Connection established
Finally. After a lot of waiting and work, the internal access server is now up and running!
Unexpectedly, the Portmaster 3 boards that are T1-based arrived a month early. I received them three days ago and my first attempt was to just throw in the T1 card into the E1 unit and use that rather than flash the NAND chip that holds the user configuration on the T1 unit. As fate would have it, the card did not seem to work at all in the E1 unit. It was recognised, but as an E1 card for some reason. This was after troubleshooting why the E1 unit didn’t boot properly and kept complaining about the NAND being corrupt in some form. I ended up desoldering the sockets that took so much time to install as the joints just weren’t any good and opt for soldering the NAND chips back on directly. I need to revisit PLCC sockets and try to solder them in a more reliable way in the future. The E1 mainboard has been so overworked that I just didn’t want to risk damaging the pads.
This is what I was getting when trying to flash the E1 unit when the socket wasn’t correctly soldered.
After blanking the configuration segments of the NAND (located on the chip further away from the edge of the board at segments 5 and 6), risking corrupting the OS install as from ComOS version 3.8 the user configuration segments on the NAND was reduced to one instead of two, the T1 mainboard was installed into the chassis and power was applied. The unit complained about a corrupt install, but it didn’t matter as the user configuration being blank meant that there wasn’t a password set and the default blank one could be used.
It took all of two hours to desolder the NAND, read it, deliberate over if blanking both segments instead of the one was going to be a problem, flash it, resolder it, triple-check the pin connections, and perform the ComOS upgrade.
It was at this point in time that I returned to reading the PDF from the Katana SDK to make that connection that I’ve been waiting for so long to establish.
I followed it through and… nothing.
Not a damn thing happened.
I checked and rechecked everything.
There was one command that wasn’t correct in the document, so I figured that there may be more to configure. Luckily it was very obvious after some poking around at the Adtran 600. Yes, it turned out that when the DS0 map was created all the FXS ports were not assigned. I looked over the instructions again and couldn’t find any reference to this one major point.
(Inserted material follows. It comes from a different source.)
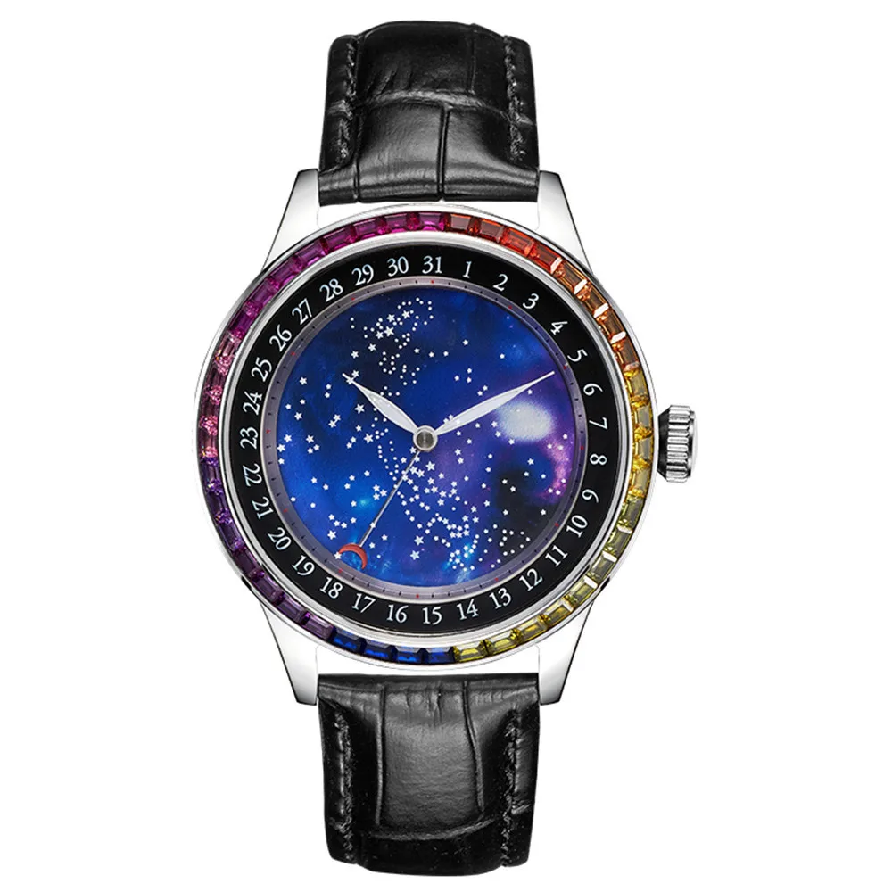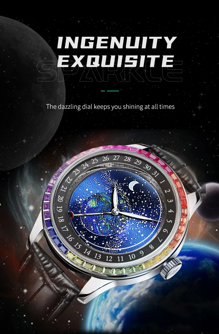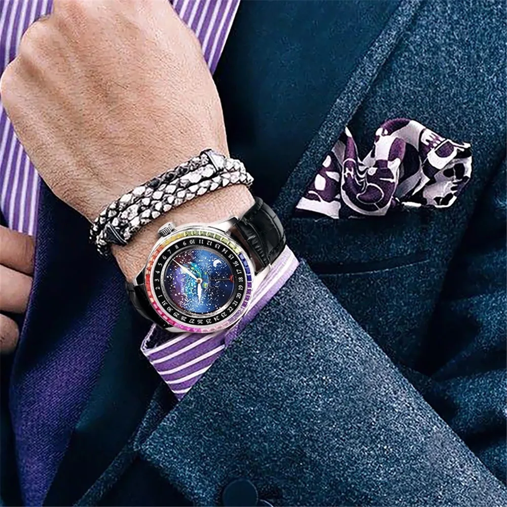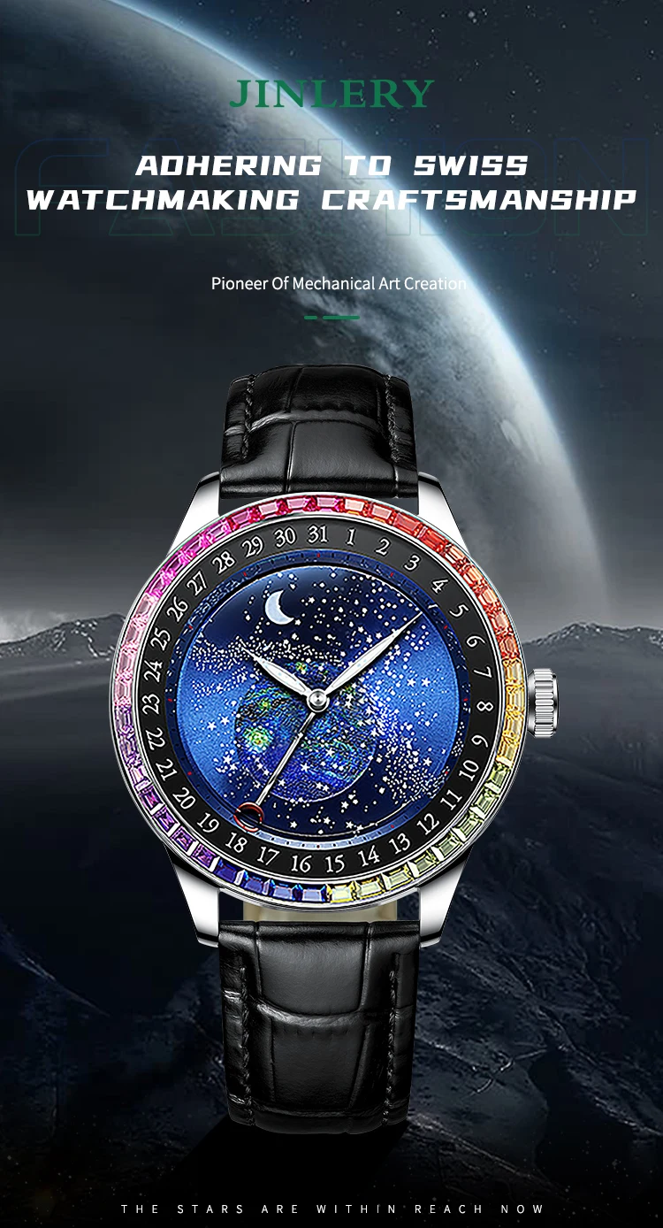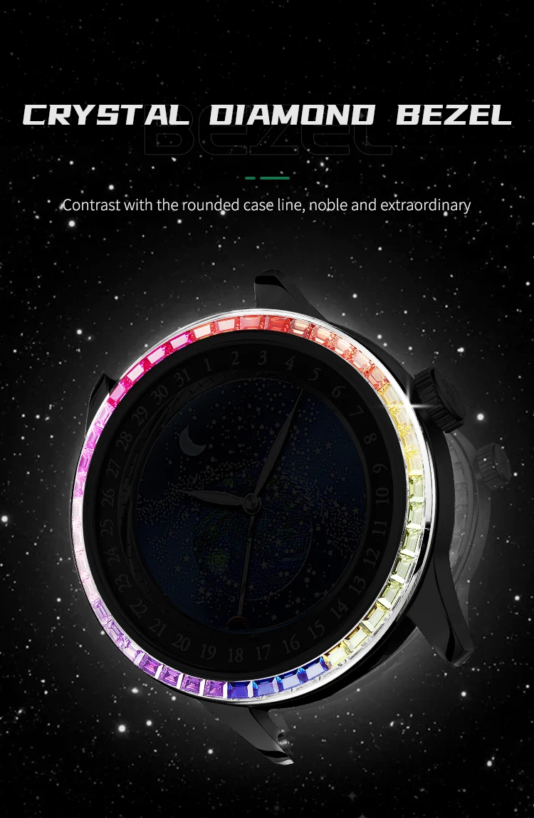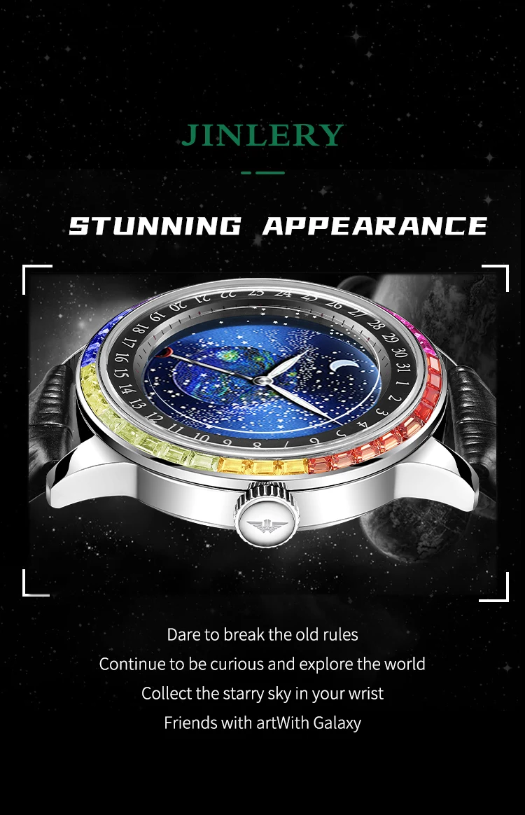 JINLERY Men Automatic Self-Wind Mechanical Watch Starry Sky Pattern Colorful Diamond Design Fashion Sapphire Crystal Wristwatch

Either way, I’m glad it was simple to track down.
Here’s what the whole stack looks like right now. It’s pretty messy and not rackmounted, yet.
The next step is to figure out how I’m going to go forward with testing the game from a multiplayer perspective. There are a few options open: the first is to buy a whole bunch of optical drive emulators and fit them into the retail kits I have available, which would be very costly for 25 units. The second is to buy a bunch of SD card adapters for the serial interface. This isn’t ideal, as I’d like to be able to use the serial port on the retail kits to help with debugging. The last method I can think of is the tried-and-true burnt CD method. With GD-ROM drives failing and becoming more and more scarce every time they get thrown away, the uncertainty of CD-R media being available in the long-run, and the clutter and time of burning another CD to test a change might get out of hand quickly. The last option is to create an accessory for the Dreamcast that I’ve been thinking of for years. It’s effectively like the ill-fated Zip drive that would have been used for DLC. Rather than using the built-in modem of the Dreamcast; an Ethernet adapter, combined with an FPGA to allow games that only support the modem to create a self-contained PC<->DC server, with an M.2 drive (yes, I know this isn’t period-correct at all) for downloadable content/games would be installed into the units. This does fly in the face of the efforts made for the integrated access server but, realistically, time and money aren’t unlimited.
For the time-being, I think I’ll be going with the CD-R method and limiting the testing to three retail units (two modem-based, one with a BBA) along with the development kit. Currently, I have four retail units and one has a bad GD-ROM drive. Unfortunately, it happens to be the first Dreamcast I owned that was purchased shortly after launch, a pretty rare unit with no SEGA branding or “Compatible with Windows CE” printed on the front.